## MATERIAL PROVIDED
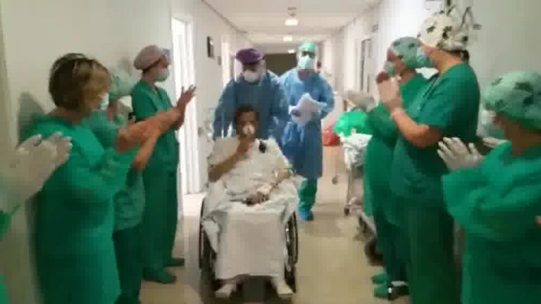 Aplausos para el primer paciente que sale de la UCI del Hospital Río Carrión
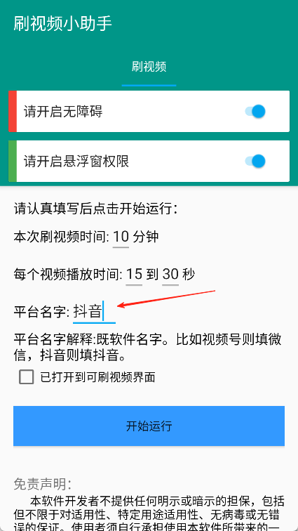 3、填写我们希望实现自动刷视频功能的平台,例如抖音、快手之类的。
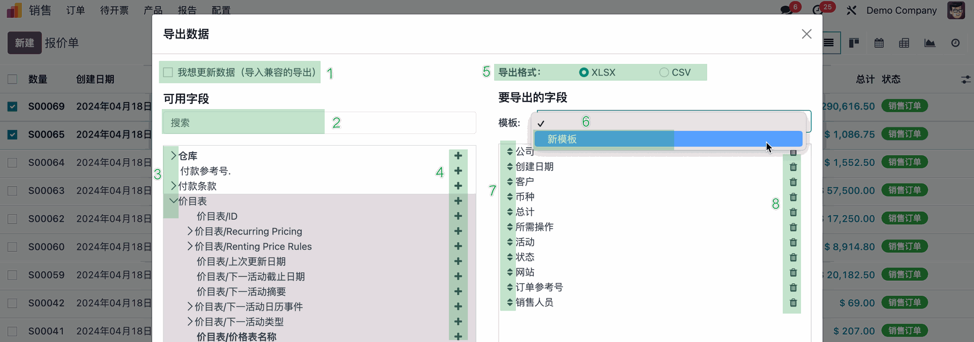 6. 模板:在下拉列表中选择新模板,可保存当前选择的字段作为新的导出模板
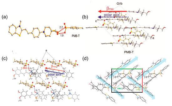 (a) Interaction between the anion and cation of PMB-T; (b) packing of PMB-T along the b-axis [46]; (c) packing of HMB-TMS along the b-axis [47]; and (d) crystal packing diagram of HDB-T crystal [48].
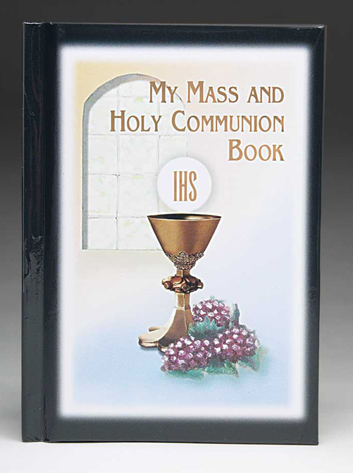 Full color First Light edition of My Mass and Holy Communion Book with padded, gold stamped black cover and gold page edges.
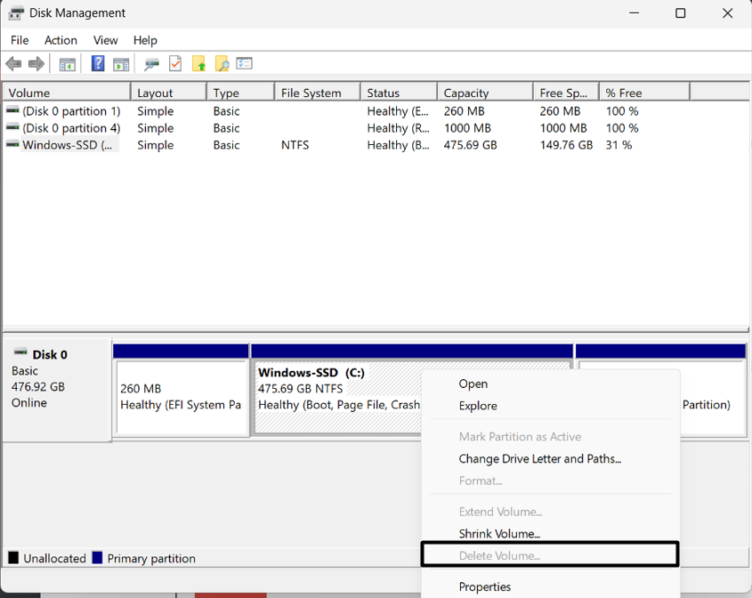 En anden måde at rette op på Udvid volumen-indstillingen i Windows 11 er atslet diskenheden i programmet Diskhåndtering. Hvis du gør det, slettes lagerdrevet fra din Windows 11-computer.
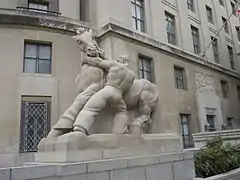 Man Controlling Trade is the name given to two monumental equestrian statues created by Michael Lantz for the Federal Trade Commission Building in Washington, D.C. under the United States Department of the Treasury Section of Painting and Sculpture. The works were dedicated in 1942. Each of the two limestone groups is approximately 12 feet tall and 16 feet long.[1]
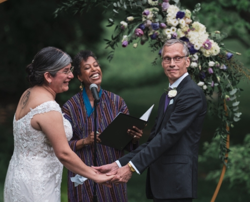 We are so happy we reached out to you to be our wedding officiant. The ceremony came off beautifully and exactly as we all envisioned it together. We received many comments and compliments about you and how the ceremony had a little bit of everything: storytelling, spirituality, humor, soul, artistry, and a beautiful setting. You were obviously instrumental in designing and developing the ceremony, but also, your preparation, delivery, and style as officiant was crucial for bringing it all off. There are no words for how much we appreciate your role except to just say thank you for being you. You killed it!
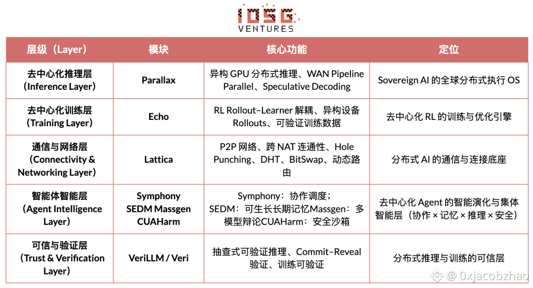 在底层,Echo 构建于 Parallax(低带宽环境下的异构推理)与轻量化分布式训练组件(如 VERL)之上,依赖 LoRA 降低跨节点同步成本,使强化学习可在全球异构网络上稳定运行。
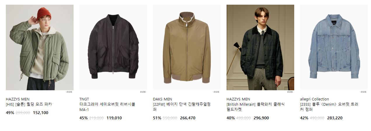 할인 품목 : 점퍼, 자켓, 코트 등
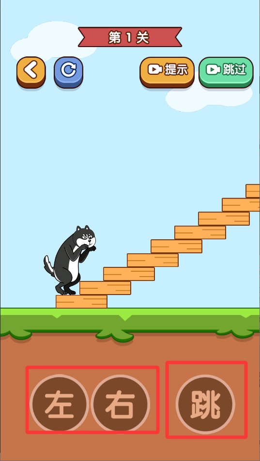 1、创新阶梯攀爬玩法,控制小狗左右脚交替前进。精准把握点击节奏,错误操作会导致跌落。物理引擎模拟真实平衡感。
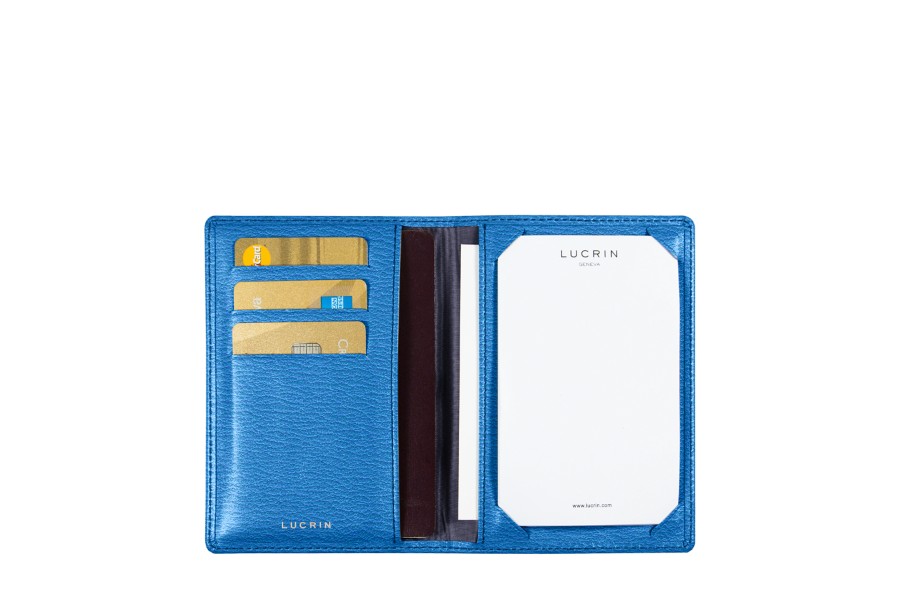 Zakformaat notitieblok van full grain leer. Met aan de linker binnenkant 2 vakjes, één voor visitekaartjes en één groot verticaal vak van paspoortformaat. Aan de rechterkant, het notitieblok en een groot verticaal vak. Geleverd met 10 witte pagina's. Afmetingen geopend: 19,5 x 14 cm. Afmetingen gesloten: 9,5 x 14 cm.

--

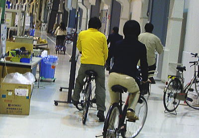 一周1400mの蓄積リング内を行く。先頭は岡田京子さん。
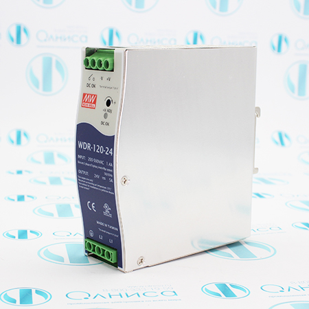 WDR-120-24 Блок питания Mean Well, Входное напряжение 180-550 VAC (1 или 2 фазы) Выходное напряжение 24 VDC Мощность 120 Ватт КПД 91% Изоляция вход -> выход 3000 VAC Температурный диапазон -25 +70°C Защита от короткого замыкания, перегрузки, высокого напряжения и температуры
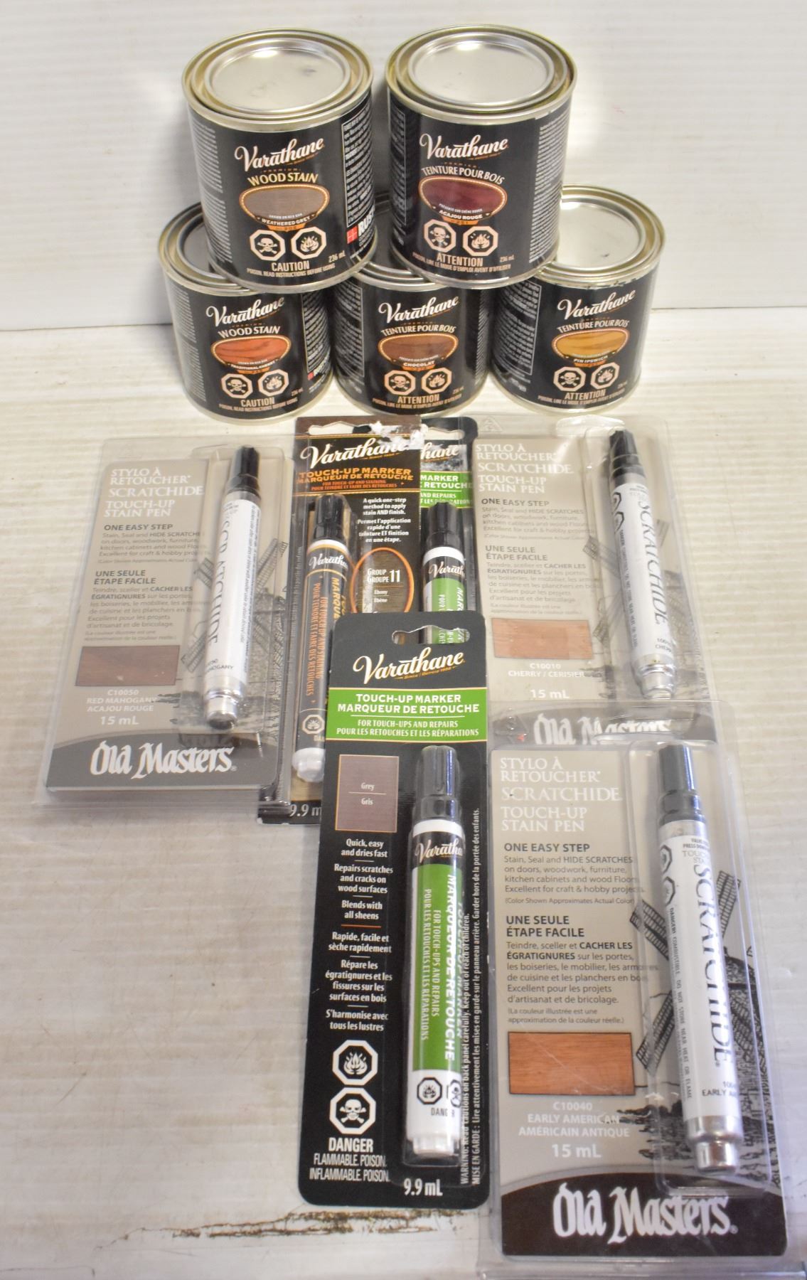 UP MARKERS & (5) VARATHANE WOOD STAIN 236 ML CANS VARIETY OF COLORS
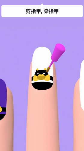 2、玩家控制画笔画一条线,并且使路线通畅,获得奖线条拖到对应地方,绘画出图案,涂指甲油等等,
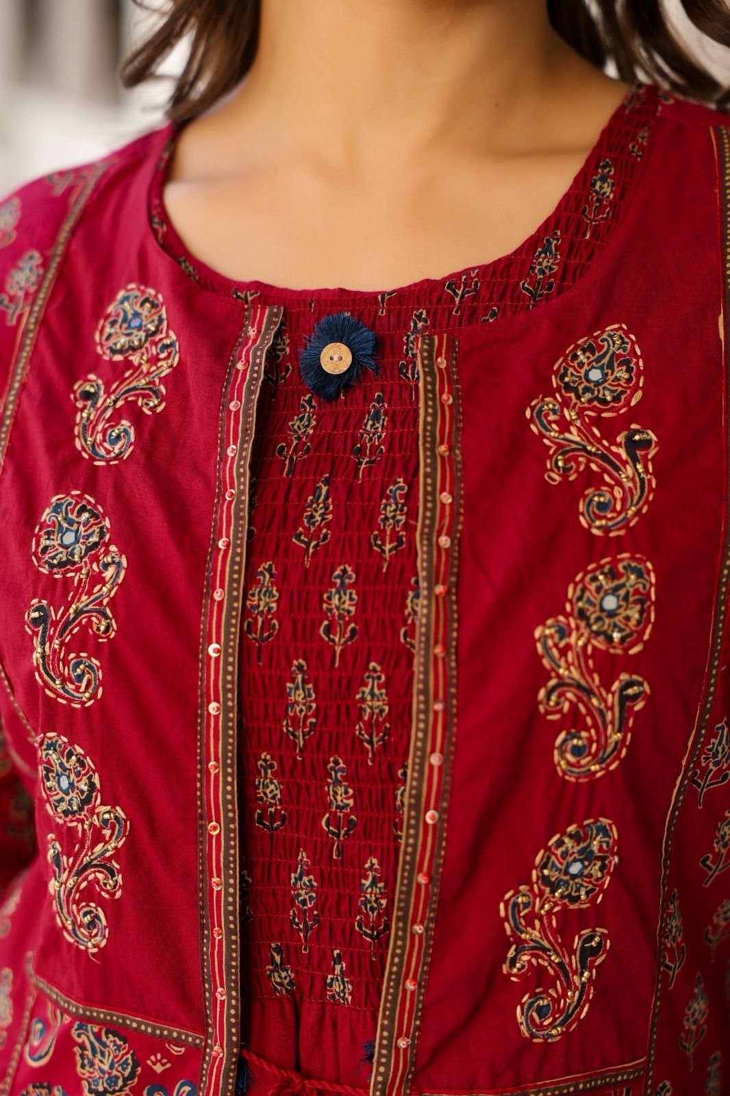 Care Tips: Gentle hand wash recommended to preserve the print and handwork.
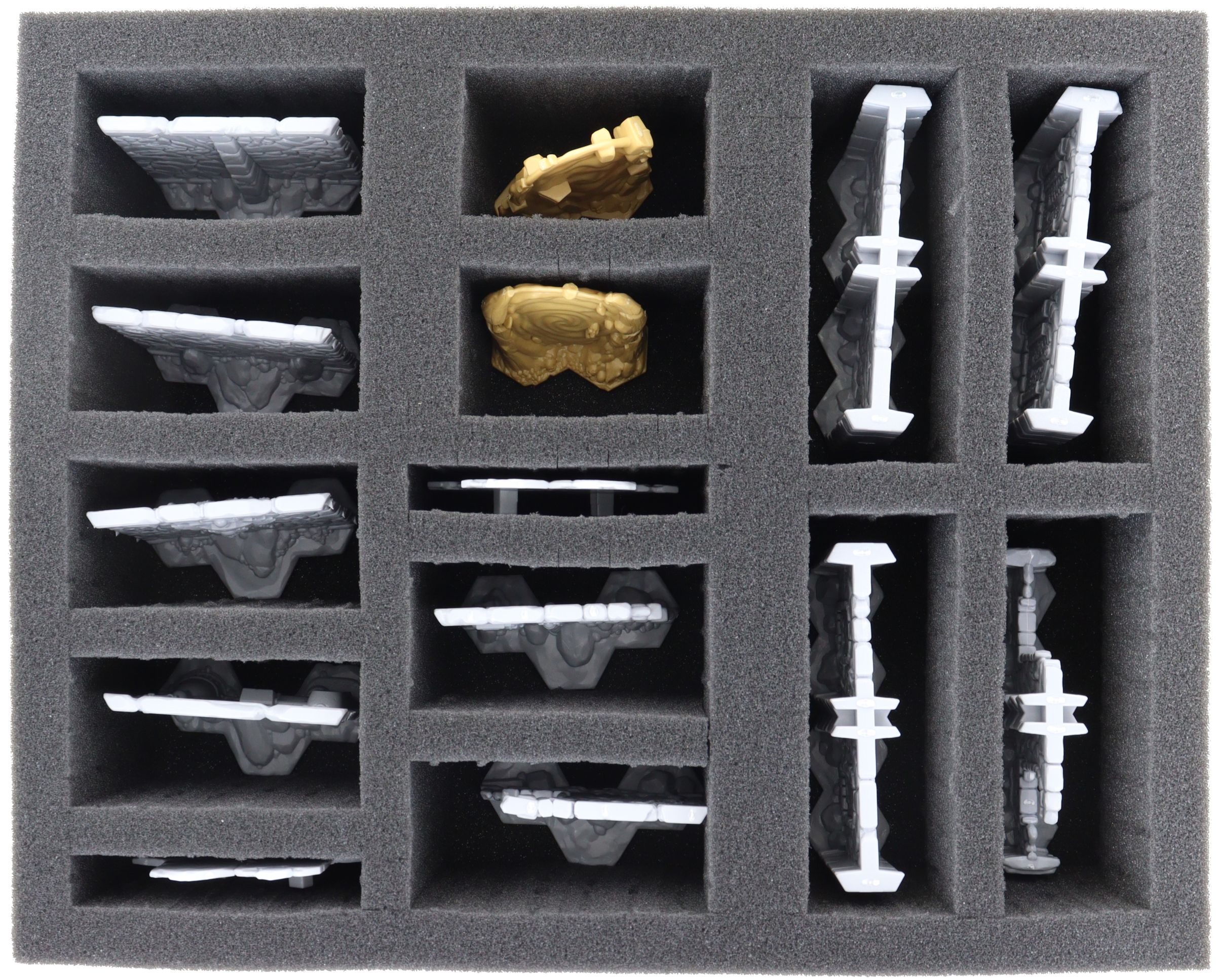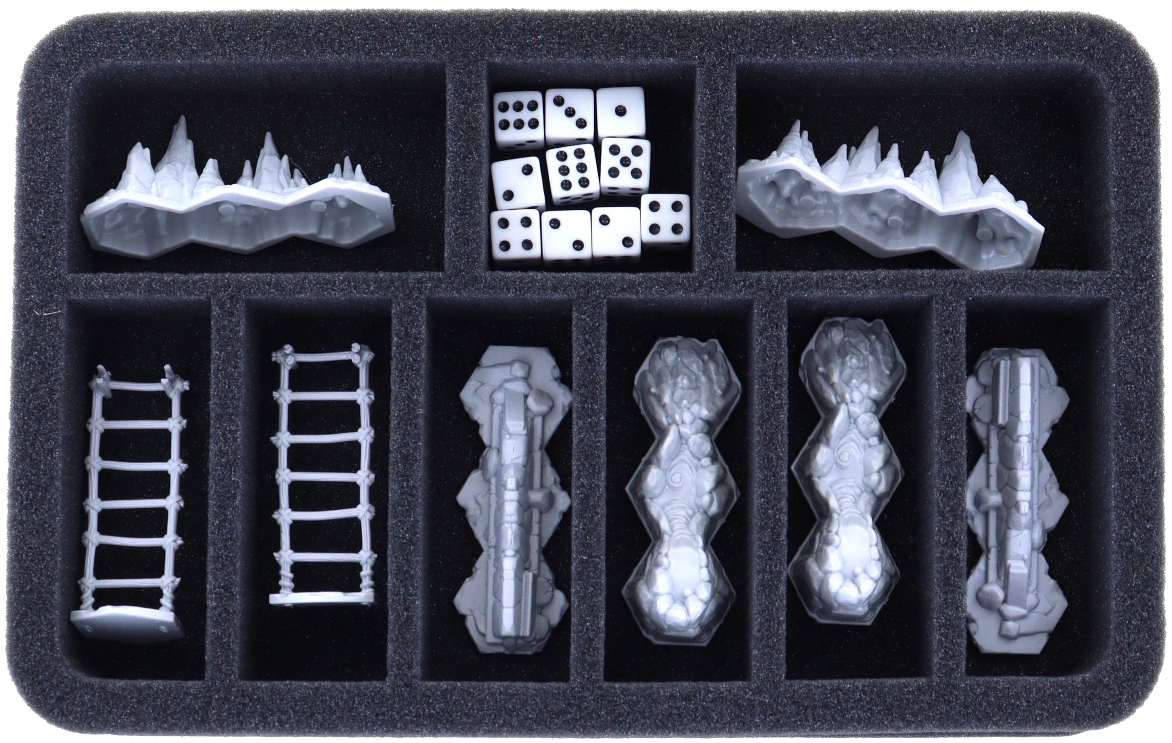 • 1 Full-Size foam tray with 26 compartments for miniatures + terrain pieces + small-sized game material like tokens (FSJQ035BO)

## ACTIVITY
Going by the data above, give back only the lines from the one containing "UP MARKERS &" through the one containing "like tokens (FSJQ035BO)", exactly as they stand, both ends included and no images.

## EXPECTED OUTPUT
 UP MARKERS & (5) VARATHANE WOOD STAIN 236 ML CANS VARIETY OF COLORS
 2、玩家控制画笔画一条线,并且使路线通畅,获得奖线条拖到对应地方,绘画出图案,涂指甲油等等,
 Care Tips: Gentle hand wash recommended to preserve the print and handwork.
 • 1 Full-Size foam tray with 26 compartments for miniatures + terrain pieces + small-sized game material like tokens (FSJQ035BO)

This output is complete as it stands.